I am trying to show the following statement:
Let $C$ be a primitive recursively closed class of functions and let $f:\mathbb N^3 \to \mathbb N$ and $g:\mathbb N^4 \to \mathbb N$ with $f,g \in C$. Show that the following function $h: \mathbb N^3 \to \mathbb N$ is also in $C$:
$$h(x,0,z)=f(x,0,z)$$$$h(x,y,0)=f(x,y,0)$$$$h(x,y+1,z+1)=g(x,y,z,h(x,y,z))$$
I've tried to defined the following function:
$$H(x,y,z)= \langle h(x,y,0),h(x,y+1,z) \rangle$$
If I could show that $H$ is primitive recursive, then, since $h(x,y,z)=r(H(x,y{\dot -}1,z)$, it is clear that $h$ is in $C$ since composition of primitive recursive functions is primitive recursive.
Now, $$H(x,y,0)= \langle h(x,y,0),h(x,y+1,0) \rangle$$$$= \langle f(x,y,0),f(x,y+1,0) \rangle$$
$$H(x,y,z+1)=\langle h(x,y,0),h(x,y+1,z+1) \rangle$$$$=\langle f(x,y,0),g(x,y,z,h(x,y,z) \rangle$$$$=\langle f(x,y,0), g(x,y,z,r(H(x,y{\dot -}1,z) \rangle$$
This last expression is a function $G(x,y,z,H(x,y,z))$, so $H$ is defined by primitive recursion, which in turn means that $H$ is primitive recursive.

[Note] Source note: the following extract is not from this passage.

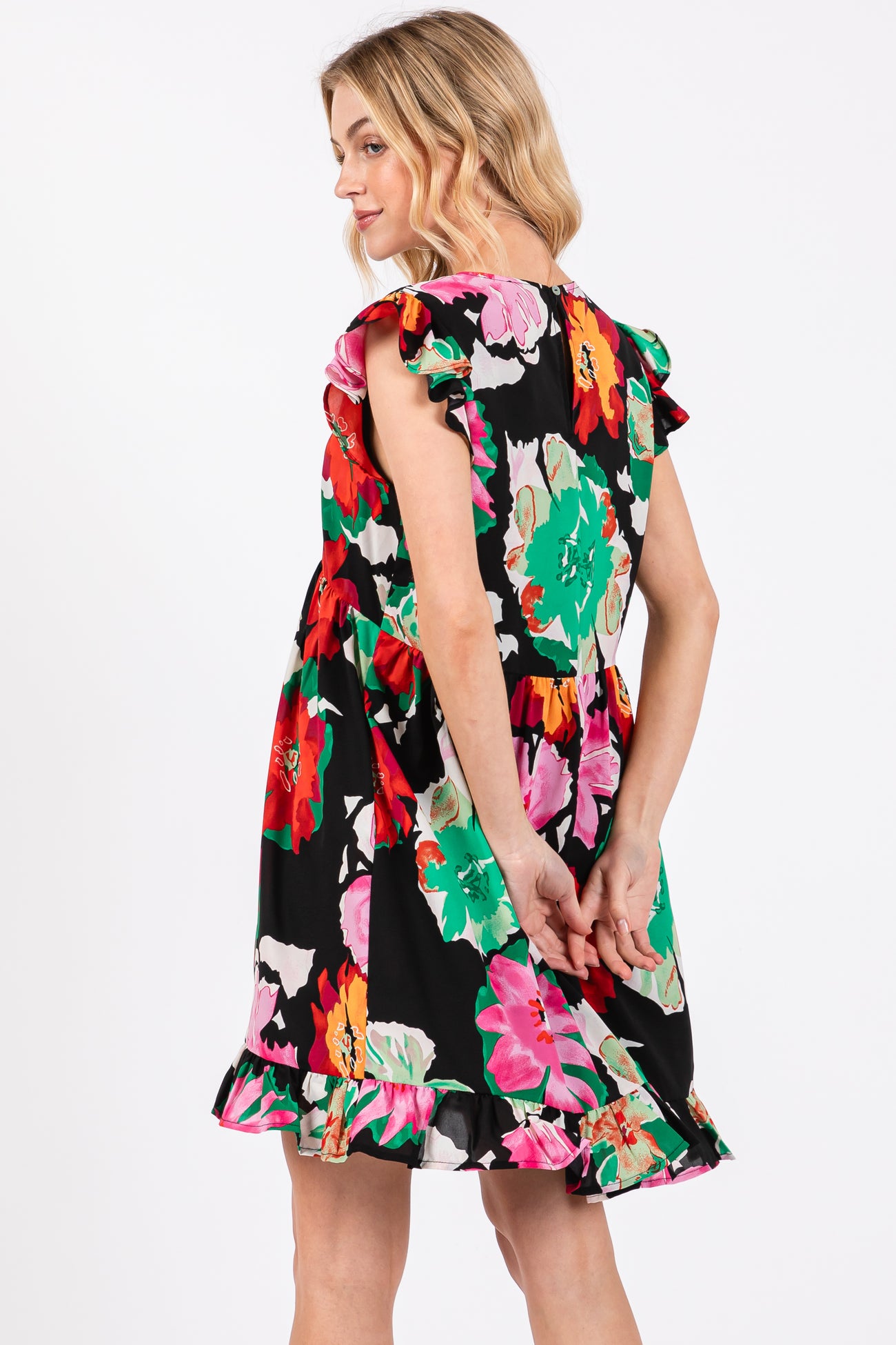 Details A floral print dress featuring a v-neckline, ruffle shoulders, a keyhole back with a button closure, an empire waist, a ruffle hem, and double lining. Content + Care

I am not so sure if the steps of my proof are correct and I don't know if there is an easier solution to this exercise.
I would really apreciate if someone could take a look at my answer and tell me if he or she notices any mistakes and/or post an alternative solution.
Just in case, $\langle x,y \rangle=2^x(2y+1) {\dot -} 1$, and $r(\langle x,y \rangle)=y$